I'm sure you can find some vocal activists who really do, but I doubt that there is general consensus (among those diagnosed with gender dysphoria) against third restroom use, especially those who are currently gender liminal for whatever reason.
 
Do you have a superior compromise? Mine at least lets transwomen use a bathroom that doesn't constitute a statement about what sex they are.

This is actually kind of fun. You keep finding new ways to phrase the same dismissal of the problem. So I get to keep finding new ways of rebutting your dismissal.

Here's our latest entry:

The whole point of being a transwoman is to make a statement about what sex they are.

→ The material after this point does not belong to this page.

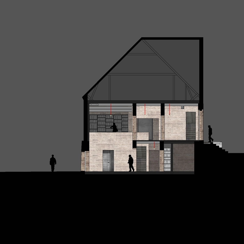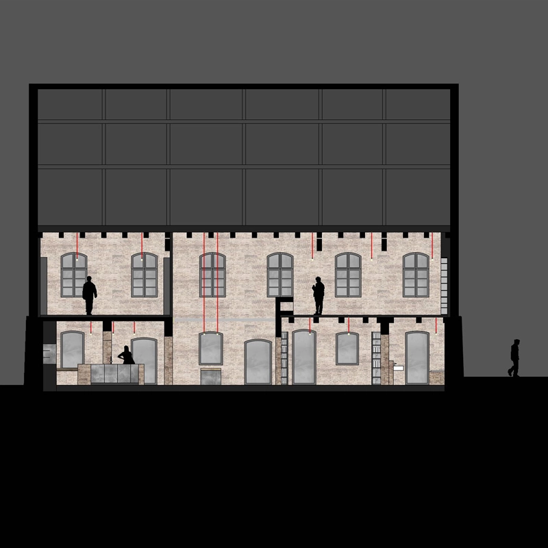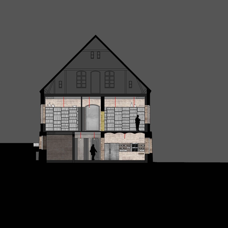 erschlossen wird das gebäude über mehrere, mehr oder weniger öffentliche zugänge. auf der strassenseitigen breiten backsteinfassade gelangt man über den ursprünglichen und historischen gebäudezugang in das erdgeschoss, an den giebel im untergeschoss sind für den eher privateren zutritt tiefe öffnungen (löcher) im giebelmauerwerk vorgesehen, welche hier den blick über die gesamte querachse des gebäudes freigeben.

You're not compromising on this point, you're just ignoring it.
 
People who are only partway into transition may not yet pass as the opposite sex, and are thus faced with an unpleasant choice when told to self-segregate into the socially appropriate bathroom. After reading James Shupe's story (linked somewhere upthread) it seems this problem may go beyond those who are just starting out with HRT. If you don't look like either a man or a woman, and you're likely to look and/or feel out of place in either multi-person restroom, the family/handicapped third room is an excellent way to find relief without having to negotiate through social awkwardness.

Okay, fair enough. I actually agree with this. You're doing a much better job of defending TM's solution than TM is.